- PROBLEM TO WORK ON
Repeat the listing below in full, keeping every character as it is.

- DATA TO EXAMINE
*** Begin section ***

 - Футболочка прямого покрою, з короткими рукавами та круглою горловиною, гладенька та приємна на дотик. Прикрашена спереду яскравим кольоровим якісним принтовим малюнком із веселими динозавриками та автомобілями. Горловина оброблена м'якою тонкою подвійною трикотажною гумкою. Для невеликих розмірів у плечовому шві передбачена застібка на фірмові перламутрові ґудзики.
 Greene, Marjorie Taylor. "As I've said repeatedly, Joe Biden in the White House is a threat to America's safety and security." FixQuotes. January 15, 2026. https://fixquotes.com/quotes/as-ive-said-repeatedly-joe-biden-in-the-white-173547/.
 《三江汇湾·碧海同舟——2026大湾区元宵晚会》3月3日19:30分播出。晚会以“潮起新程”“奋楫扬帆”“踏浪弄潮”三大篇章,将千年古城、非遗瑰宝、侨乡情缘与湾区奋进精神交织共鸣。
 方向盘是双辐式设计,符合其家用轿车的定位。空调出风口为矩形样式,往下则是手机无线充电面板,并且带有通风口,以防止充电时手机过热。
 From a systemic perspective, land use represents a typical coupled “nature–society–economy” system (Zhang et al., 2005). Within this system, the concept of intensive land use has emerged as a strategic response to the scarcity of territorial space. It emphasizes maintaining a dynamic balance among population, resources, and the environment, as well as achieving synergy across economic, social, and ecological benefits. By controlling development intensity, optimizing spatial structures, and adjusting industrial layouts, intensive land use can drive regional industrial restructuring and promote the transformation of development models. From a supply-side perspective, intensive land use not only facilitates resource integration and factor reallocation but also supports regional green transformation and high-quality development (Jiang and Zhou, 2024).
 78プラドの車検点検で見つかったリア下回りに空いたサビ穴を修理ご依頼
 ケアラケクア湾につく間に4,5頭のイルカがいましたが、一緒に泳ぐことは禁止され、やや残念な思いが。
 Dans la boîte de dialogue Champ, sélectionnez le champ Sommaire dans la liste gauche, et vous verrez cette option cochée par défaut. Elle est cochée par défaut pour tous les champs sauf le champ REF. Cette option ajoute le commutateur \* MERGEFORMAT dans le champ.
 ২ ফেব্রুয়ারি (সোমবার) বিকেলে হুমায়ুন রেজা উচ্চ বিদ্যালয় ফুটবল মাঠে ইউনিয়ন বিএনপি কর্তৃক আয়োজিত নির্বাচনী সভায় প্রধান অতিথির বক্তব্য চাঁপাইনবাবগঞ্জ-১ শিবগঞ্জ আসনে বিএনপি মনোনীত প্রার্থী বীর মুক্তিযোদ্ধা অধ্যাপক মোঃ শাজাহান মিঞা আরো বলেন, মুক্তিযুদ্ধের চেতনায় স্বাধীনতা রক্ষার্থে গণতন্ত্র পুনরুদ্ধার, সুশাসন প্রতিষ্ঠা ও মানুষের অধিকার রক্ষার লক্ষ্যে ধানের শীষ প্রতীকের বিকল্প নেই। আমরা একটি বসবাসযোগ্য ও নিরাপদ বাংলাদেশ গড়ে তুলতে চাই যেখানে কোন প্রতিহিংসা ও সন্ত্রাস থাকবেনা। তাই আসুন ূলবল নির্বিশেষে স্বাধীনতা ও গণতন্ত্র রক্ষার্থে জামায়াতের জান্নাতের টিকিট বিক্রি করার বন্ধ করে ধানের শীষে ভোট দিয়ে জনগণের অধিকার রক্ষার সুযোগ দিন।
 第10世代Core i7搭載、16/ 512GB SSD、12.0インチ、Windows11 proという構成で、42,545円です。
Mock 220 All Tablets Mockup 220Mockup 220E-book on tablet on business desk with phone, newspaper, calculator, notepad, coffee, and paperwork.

*** End section ***

- SOLUTION TO THE EXERCISE
 - Футболочка прямого покрою, з короткими рукавами та круглою горловиною, гладенька та приємна на дотик. Прикрашена спереду яскравим кольоровим якісним принтовим малюнком із веселими динозавриками та автомобілями. Горловина оброблена м'якою тонкою подвійною трикотажною гумкою. Для невеликих розмірів у плечовому шві передбачена застібка на фірмові перламутрові ґудзики.
 Greene, Marjorie Taylor. "As I've said repeatedly, Joe Biden in the White House is a threat to America's safety and security." FixQuotes. January 15, 2026. https://fixquotes.com/quotes/as-ive-said-repeatedly-joe-biden-in-the-white-173547/.
 《三江汇湾·碧海同舟——2026大湾区元宵晚会》3月3日19:30分播出。晚会以“潮起新程”“奋楫扬帆”“踏浪弄潮”三大篇章,将千年古城、非遗瑰宝、侨乡情缘与湾区奋进精神交织共鸣。
 方向盘是双辐式设计,符合其家用轿车的定位。空调出风口为矩形样式,往下则是手机无线充电面板,并且带有通风口,以防止充电时手机过热。
 From a systemic perspective, land use represents a typical coupled “nature–society–economy” system (Zhang et al., 2005). Within this system, the concept of intensive land use has emerged as a strategic response to the scarcity of territorial space. It emphasizes maintaining a dynamic balance among population, resources, and the environment, as well as achieving synergy across economic, social, and ecological benefits. By controlling development intensity, optimizing spatial structures, and adjusting industrial layouts, intensive land use can drive regional industrial restructuring and promote the transformation of development models. From a supply-side perspective, intensive land use not only facilitates resource integration and factor reallocation but also supports regional green transformation and high-quality development (Jiang and Zhou, 2024).
 78プラドの車検点検で見つかったリア下回りに空いたサビ穴を修理ご依頼
 ケアラケクア湾につく間に4,5頭のイルカがいましたが、一緒に泳ぐことは禁止され、やや残念な思いが。
 Dans la boîte de dialogue Champ, sélectionnez le champ Sommaire dans la liste gauche, et vous verrez cette option cochée par défaut. Elle est cochée par défaut pour tous les champs sauf le champ REF. Cette option ajoute le commutateur \* MERGEFORMAT dans le champ.
 ২ ফেব্রুয়ারি (সোমবার) বিকেলে হুমায়ুন রেজা উচ্চ বিদ্যালয় ফুটবল মাঠে ইউনিয়ন বিএনপি কর্তৃক আয়োজিত নির্বাচনী সভায় প্রধান অতিথির বক্তব্য চাঁপাইনবাবগঞ্জ-১ শিবগঞ্জ আসনে বিএনপি মনোনীত প্রার্থী বীর মুক্তিযোদ্ধা অধ্যাপক মোঃ শাজাহান মিঞা আরো বলেন, মুক্তিযুদ্ধের চেতনায় স্বাধীনতা রক্ষার্থে গণতন্ত্র পুনরুদ্ধার, সুশাসন প্রতিষ্ঠা ও মানুষের অধিকার রক্ষার লক্ষ্যে ধানের শীষ প্রতীকের বিকল্প নেই। আমরা একটি বসবাসযোগ্য ও নিরাপদ বাংলাদেশ গড়ে তুলতে চাই যেখানে কোন প্রতিহিংসা ও সন্ত্রাস থাকবেনা। তাই আসুন ূলবল নির্বিশেষে স্বাধীনতা ও গণতন্ত্র রক্ষার্থে জামায়াতের জান্নাতের টিকিট বিক্রি করার বন্ধ করে ধানের শীষে ভোট দিয়ে জনগণের অধিকার রক্ষার সুযোগ দিন।
 第10世代Core i7搭載、16/ 512GB SSD、12.0インチ、Windows11 proという構成で、42,545円です。
Mock 220 All Tablets Mockup 220Mockup 220E-book on tablet on business desk with phone, newspaper, calculator, notepad, coffee, and paperwork.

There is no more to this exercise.